The key to the success of the production is the combination the Clachan’s design, Orlando Gough’s music & Carolyn Downing’s sound effects, the human sheep in Arran jumpers and superb casting and staging by Polly Findlay. It might not look like any forest you’ve ever walked through, but it feels like a magical one. People (and sheep!) weave in and out to play out scenes, seeming to appear from nowhere. The music is gorgeous, particularly the songs sung beautifully by Fra Fee and the atmospheric, wordless choruses. The sound of animals, birds and weather conditions are all-pervading. The verse speaking is outstanding and the gentle amplification (necessary given the soundscape) means you hear every word.

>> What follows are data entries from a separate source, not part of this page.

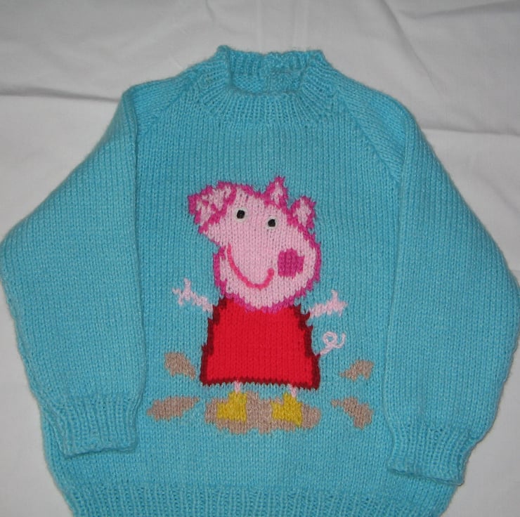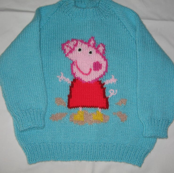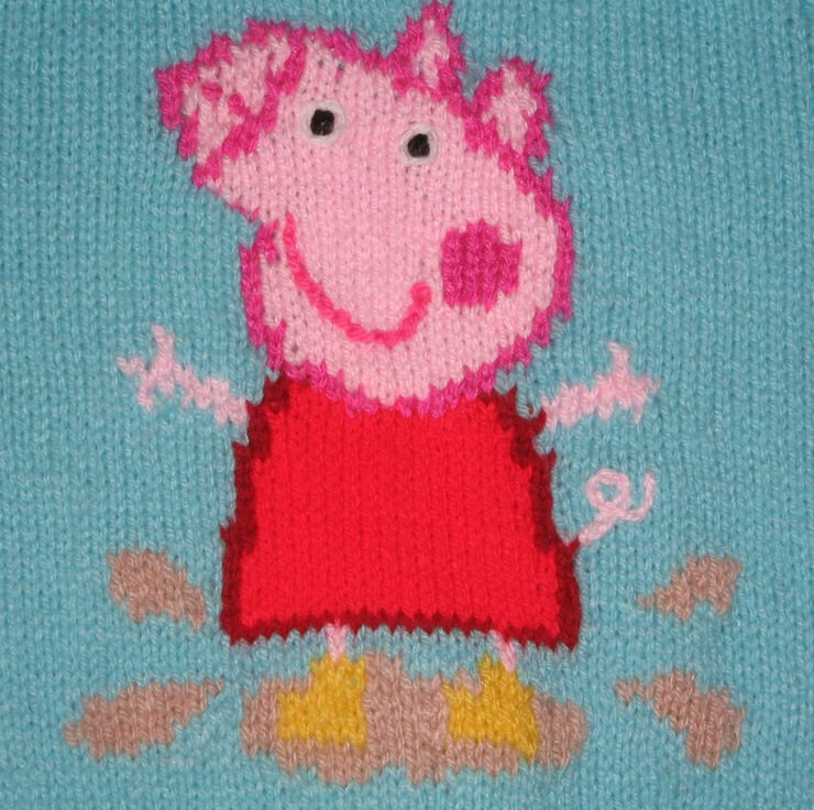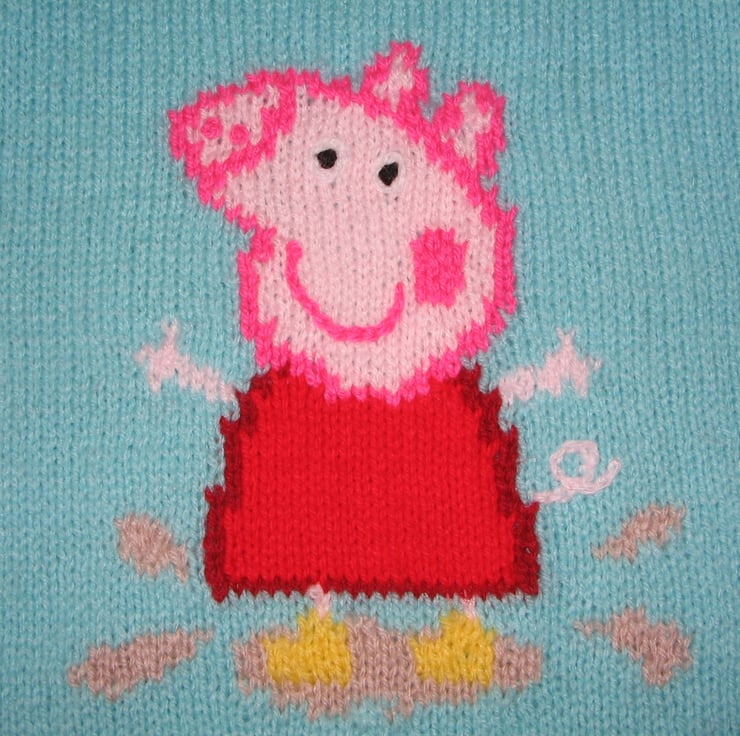This is an adorable Peppa Pig sweater hand knitted in 100% acrylic for easy washing. It shows Peppa wearing her yellow boots and jumping in puddles, her favourite past time. Sure to delight Peppa pig fans!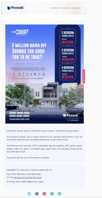 Pennek, a distinguished real estate company in the USA and Nigeria, entrusted us with various projects. We were tasked with managing email marketing, design and branding, content marketing, paid advertising, Google Ads, and ad strategy.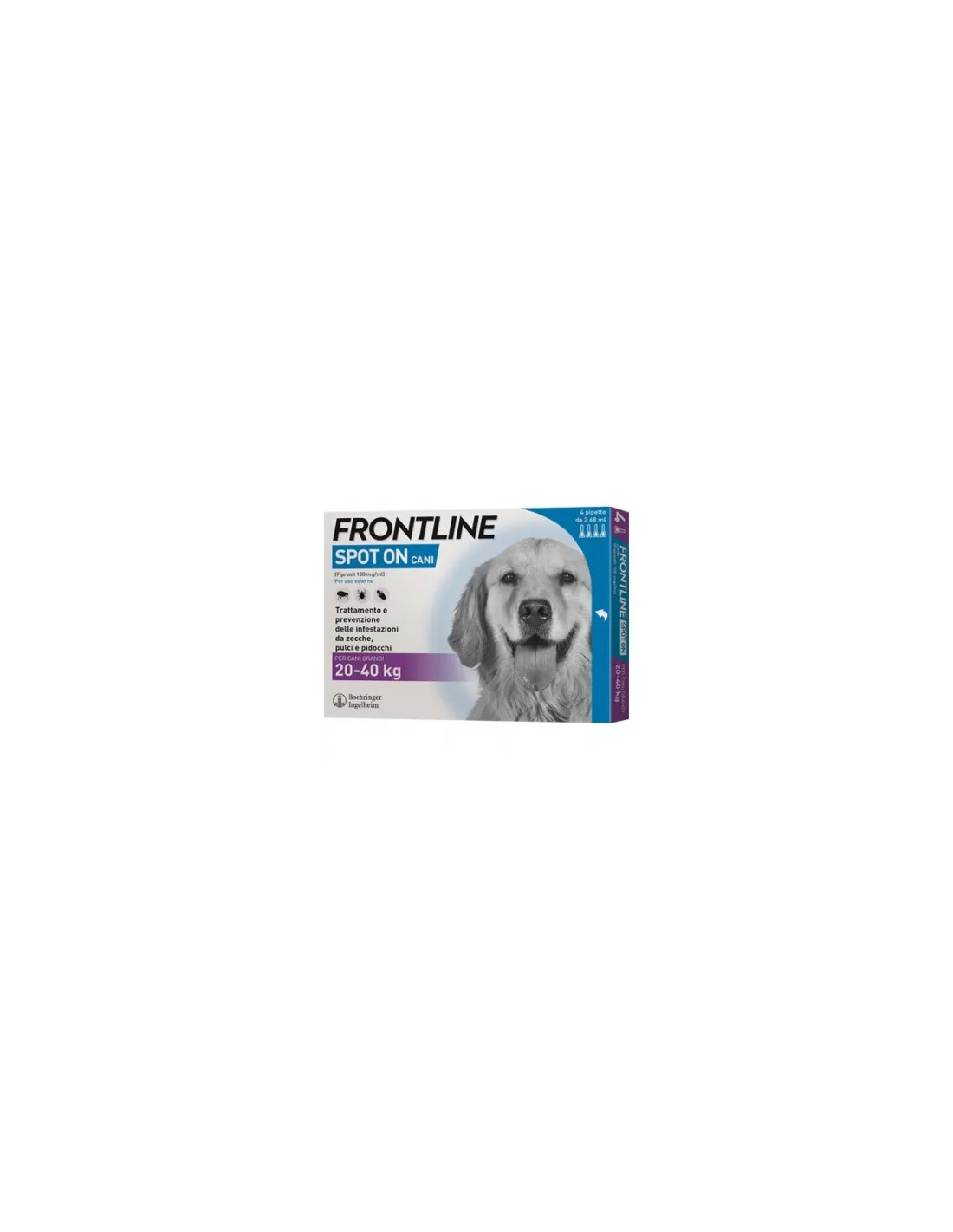 FRONTLINE® Spot-On Dogs is an anti-parasitic solution in spot-on form for dogs. Easy to apply, thanks to the active ingredient Fipronil it protects dogs and puppies from ticks, fleas and lice and carries out a protective action against new infestations.

The play has never felt more other-worldly or magical.

Ellie Kirk, covering Celia for Patsy Ferran, was terrific; word perfect and confident in such a big role. Rosalie Craig is a brilliantly boyish Rosalind / Ganymede and has great chemistry with Joe Bannister’s excellent Orlando. There’s luxury casting in the smaller roles, from Patrick Godfrey’s loyal Adam through Mark Benton’s particularly funny Touchstone, Alan Williams wise old shepherd Corin and Ken Nwosu’s charming young shepherd Silvius, to Paul Chahidi’s introspective Jaques.

This production appears to have divided people, but I thought it was one of the best I’ve seen.